PROBLEM STATEMENT - Your copy should repeat each record below exactly and contain no images.

[Stored entries]
*-*-*

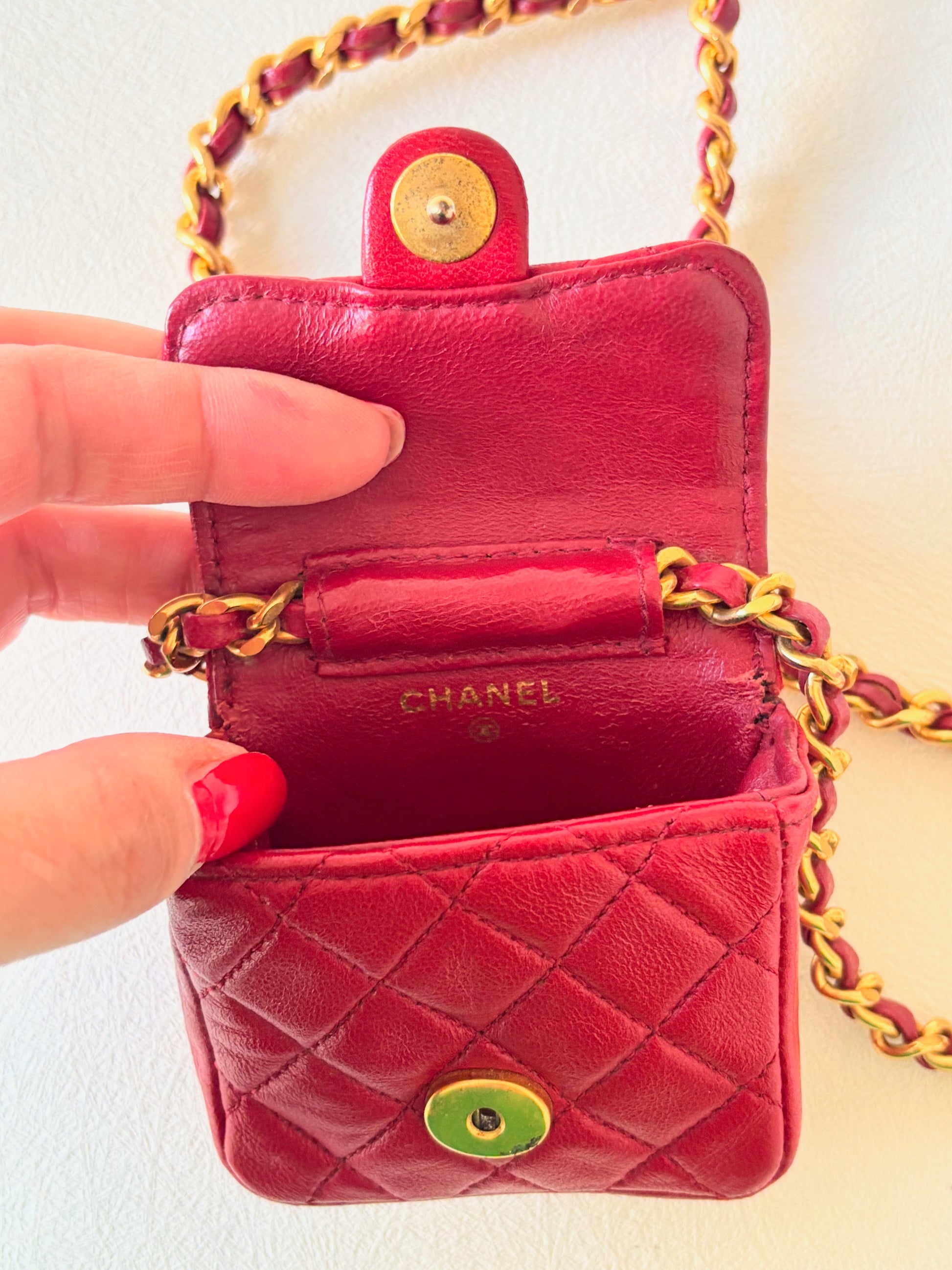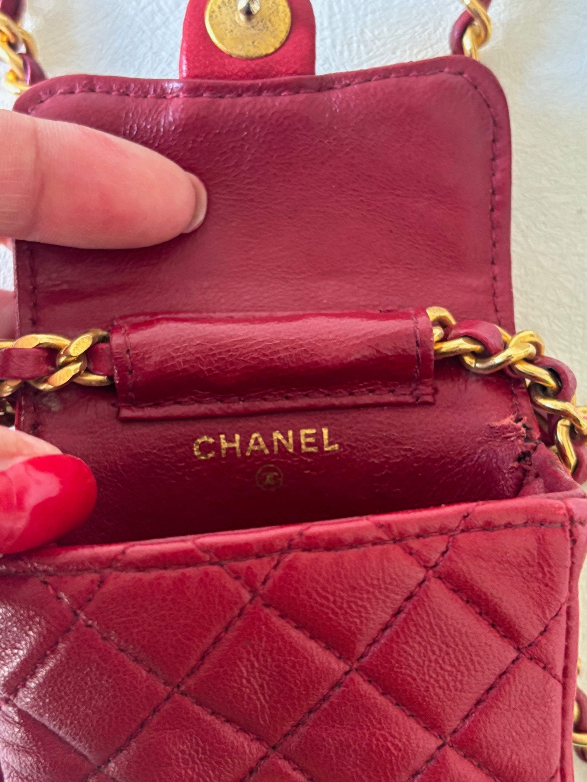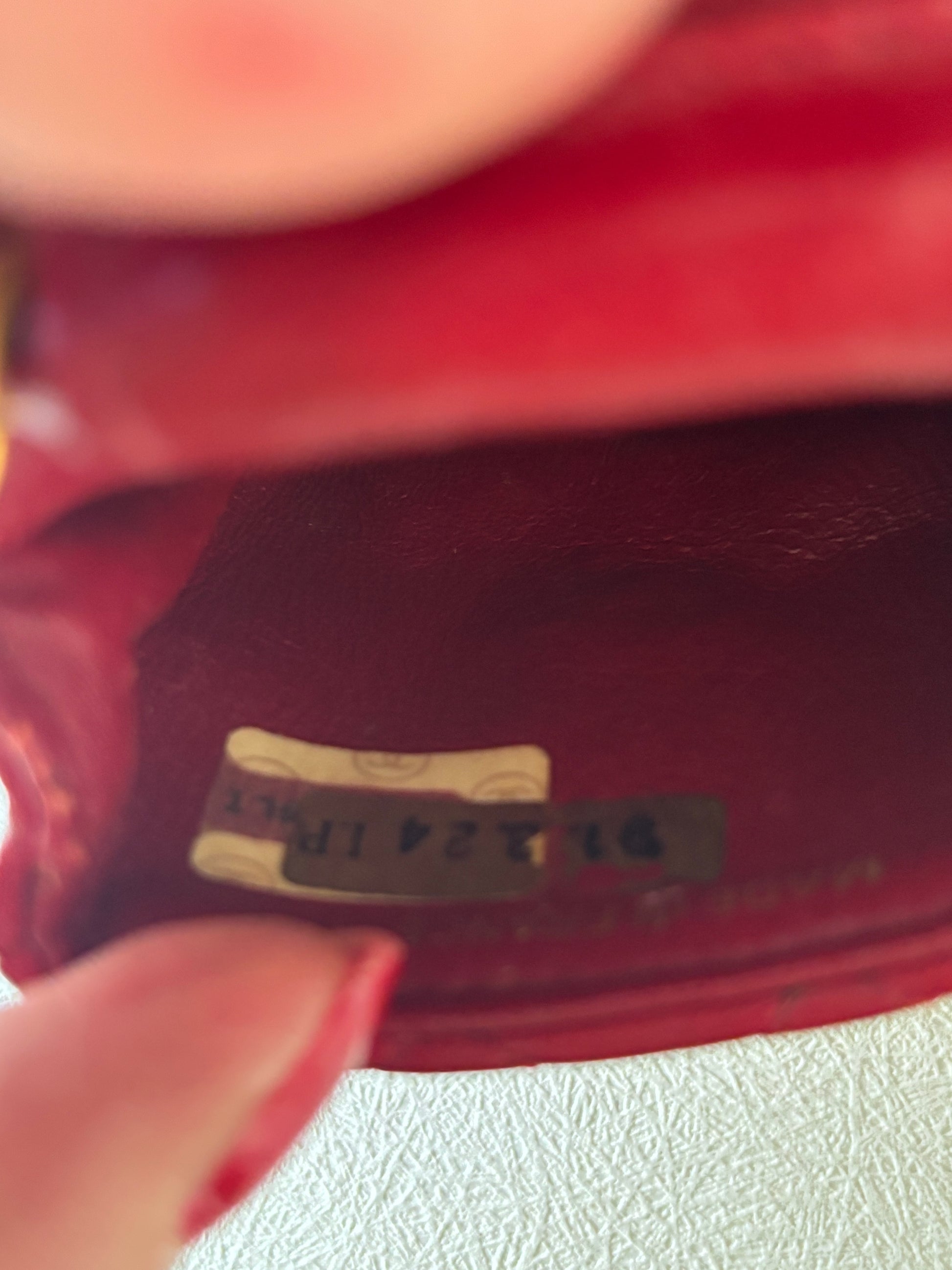* Intérieur en cuir rouge, poche zippée avec fermoir à médaillon CC doré
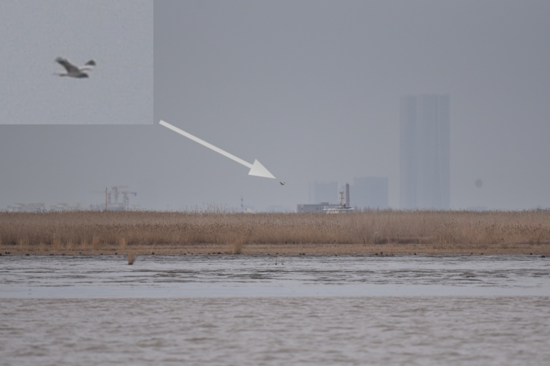现场,调查员在江亚南沙偶遇这只成年雄性鹊鹞。通常情况下,如果距离过远或观察条件不佳,雌性和幼年鹊鹞很容易与保护区鸟类记录中的“常客”白腹鹞,以及出现概率介于两者之间的白尾鹞混淆。但这只鹞黑白分明,背上有着明显的“三叉戟”图案,在远距离也清晰可辨,这一显著特征成为了调查员准确识别它的关键。
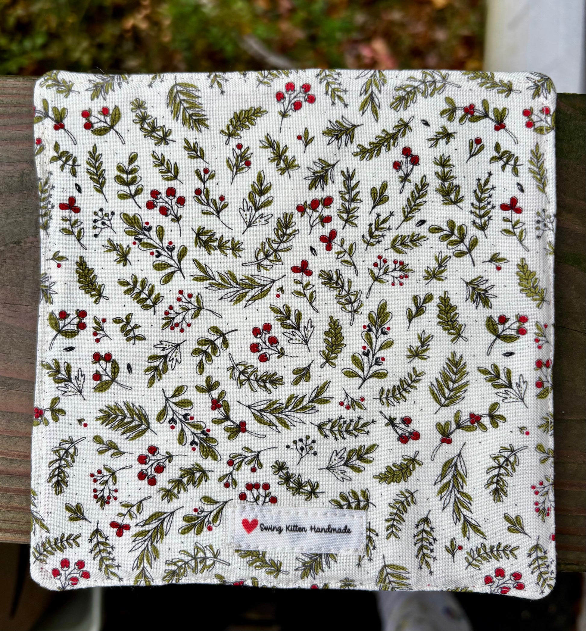 Sweet table mat brings joy to any table or desk all year long. Front panel is lovingly patchwork pieced. Entire mat is quilted for texture and stability.
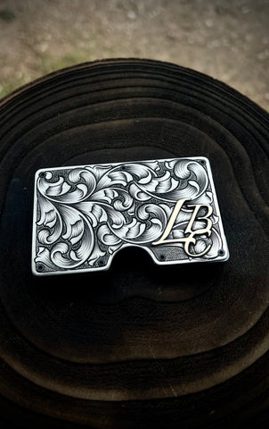 These Custom Card Wallets with money clip are fully engraved on one side with Scrollwork and a beaded background and customizable with your Brand/initials in copper!
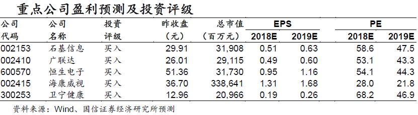 国信证券还指出,经济去杠杆会影响政府的一些高资本项目IT支出,政府的IT支出将更加理性。安防行业仍然是高景气行业,龙头公司优势显著,智能化时代有希望再次引领全球的产品方向。自主可控关注核心领域,尤其是核心芯片。信息安全的市场集中趋势让行业竞争格局改善,龙头公司优势越发明显。而传统的系统集成公司在云时代率先转型的将有更好的发展。
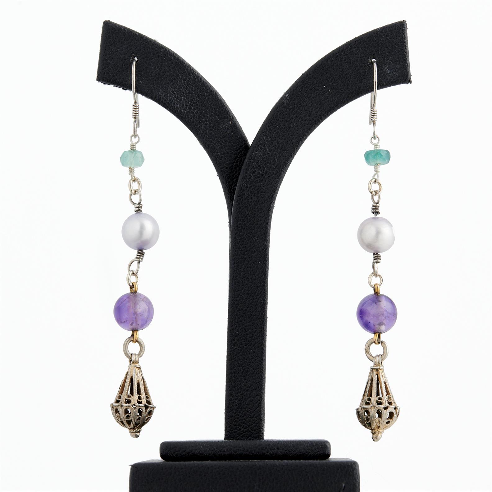 A PAIR OF AMETHYST AND PEARL DROP EARRINGS IN SILVER, TO SHEPHERD HOOK FITTINGS, LENGTH 70MM
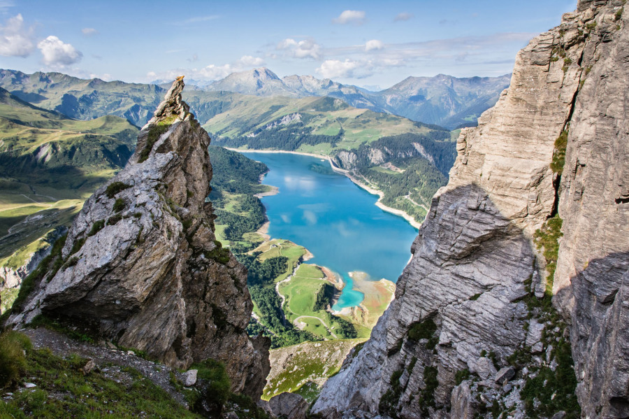 L’ascension du Rocher du vent (2360m) nous réservera une première surprise: une sorte de canyon sommital où la neige persiste tout l’été. La suite n’en est pas moins étonnante: nous jouons les explorateurs en empruntant un incroyable tunnel de près de 200 mètres transperçant la montagne. Ambiance garantie!

*-*-*

OUTPUT -
* Intérieur en cuir rouge, poche zippée avec fermoir à médaillon CC doré
现场,调查员在江亚南沙偶遇这只成年雄性鹊鹞。通常情况下,如果距离过远或观察条件不佳,雌性和幼年鹊鹞很容易与保护区鸟类记录中的“常客”白腹鹞,以及出现概率介于两者之间的白尾鹞混淆。但这只鹞黑白分明,背上有着明显的“三叉戟”图案,在远距离也清晰可辨,这一显著特征成为了调查员准确识别它的关键。
 Sweet table mat brings joy to any table or desk all year long. Front panel is lovingly patchwork pieced. Entire mat is quilted for texture and stability.
 These Custom Card Wallets with money clip are fully engraved on one side with Scrollwork and a beaded background and customizable with your Brand/initials in copper!
 国信证券还指出,经济去杠杆会影响政府的一些高资本项目IT支出,政府的IT支出将更加理性。安防行业仍然是高景气行业,龙头公司优势显著,智能化时代有希望再次引领全球的产品方向。自主可控关注核心领域,尤其是核心芯片。信息安全的市场集中趋势让行业竞争格局改善,龙头公司优势越发明显。而传统的系统集成公司在云时代率先转型的将有更好的发展。
 A PAIR OF AMETHYST AND PEARL DROP EARRINGS IN SILVER, TO SHEPHERD HOOK FITTINGS, LENGTH 70MM
 L’ascension du Rocher du vent (2360m) nous réservera une première surprise: une sorte de canyon sommital où la neige persiste tout l’été. La suite n’en est pas moins étonnante: nous jouons les explorateurs en empruntant un incroyable tunnel de près de 200 mètres transperçant la montagne. Ambiance garantie!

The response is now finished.